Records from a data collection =
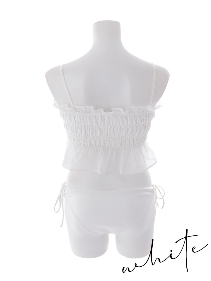 柔らかなシフォン生地が軽やかに揺れる、大人のためのベアトップスイムウェア。
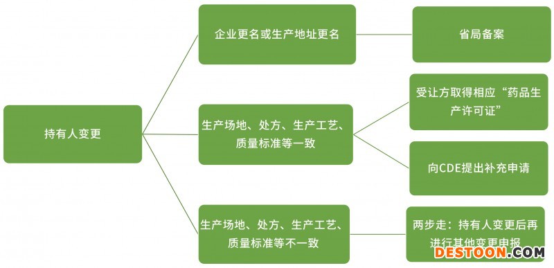 除以上變更外,《藥品上市后變更管理辦法(試行)》及《已上市化學(xué)藥品藥學(xué)變更研究技術(shù)指導(dǎo)原則(試行)》對(duì)持有人及生產(chǎn)場(chǎng)地的變更流程及研究?jī)?nèi)容進(jìn)行了明確的規(guī)定。
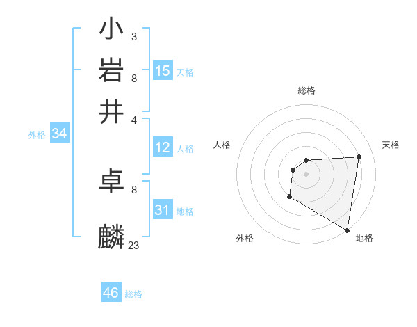 小岩井 卓麟さんの総格は46画の1点!
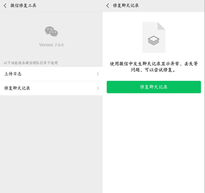 点击后会修复微信的聊天记录,然后重启微信,加载数据后会修复聊天记录。
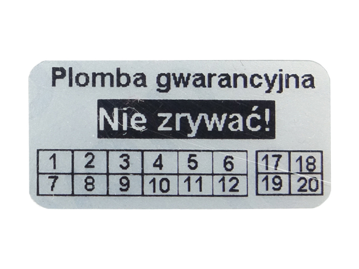 Oferujemy wykonanie 250 sztuk plomb gwarancyjnych w rozmiarze 20x8mm, z srebrnej matowej folii VOID.
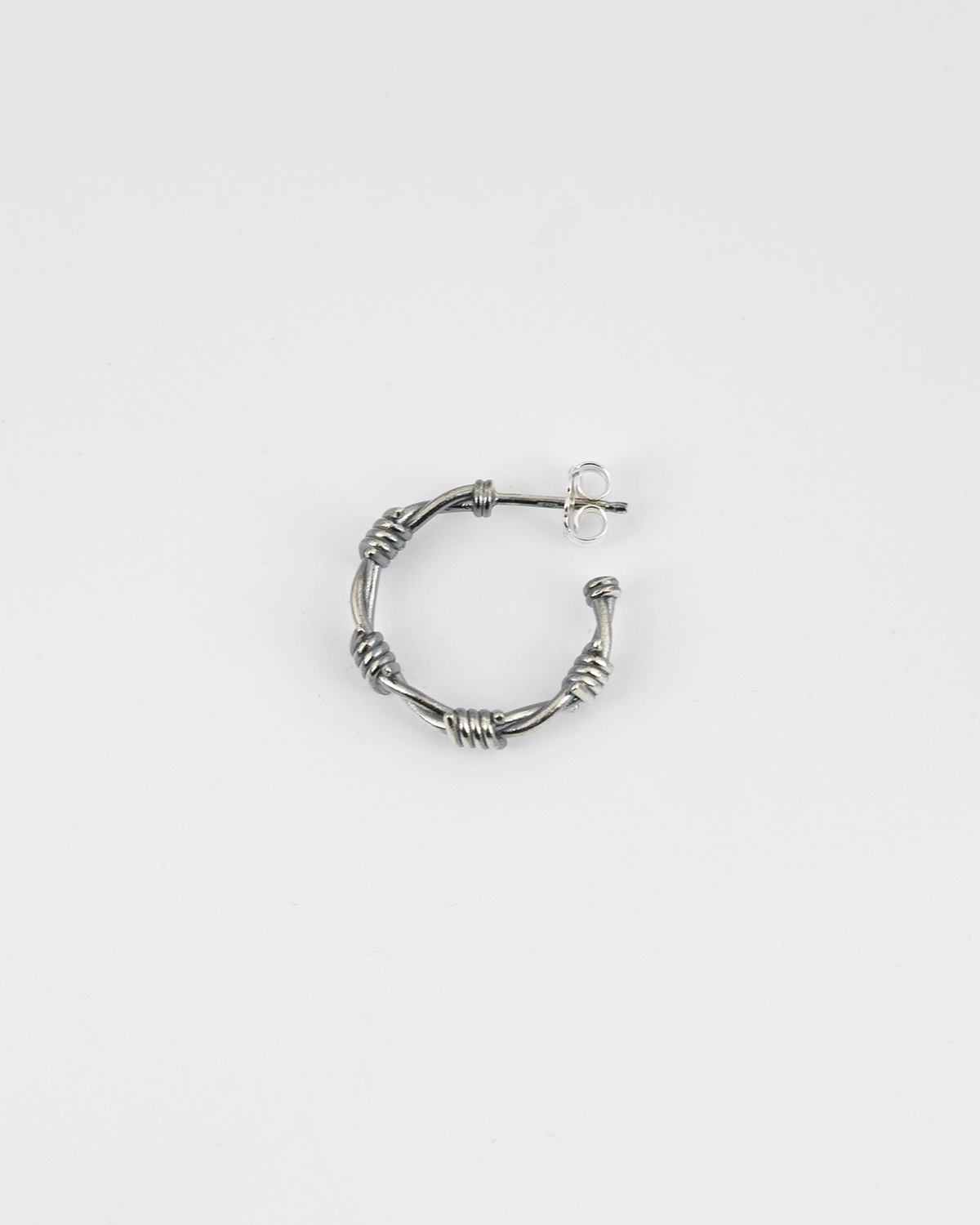 The Small Barbed Wire Single Earring is part of the Barbed Wire Collection and is made in 925 Sterling Silver. Every Nove25 jewel is designed and produced in Italy using the most modern technologies then hand finished to ensure maximum detail and the highest quality. This jewel finish is Polished and it is available in the following sizes: one size.

Work item =
All lines from the one containing "除以上變更外,《藥品上市后變" through the end of the data are to be written out exactly, with nothing added; skip the pictures.

Answer area =
 除以上變更外,《藥品上市后變更管理辦法(試行)》及《已上市化學(xué)藥品藥學(xué)變更研究技術(shù)指導(dǎo)原則(試行)》對(duì)持有人及生產(chǎn)場(chǎng)地的變更流程及研究?jī)?nèi)容進(jìn)行了明確的規(guī)定。
 小岩井 卓麟さんの総格は46画の1点!
 点击后会修复微信的聊天记录,然后重启微信,加载数据后会修复聊天记录。
 Oferujemy wykonanie 250 sztuk plomb gwarancyjnych w rozmiarze 20x8mm, z srebrnej matowej folii VOID.
 The Small Barbed Wire Single Earring is part of the Barbed Wire Collection and is made in 925 Sterling Silver. Every Nove25 jewel is designed and produced in Italy using the most modern technologies then hand finished to ensure maximum detail and the highest quality. This jewel finish is Polished and it is available in the following sizes: one size.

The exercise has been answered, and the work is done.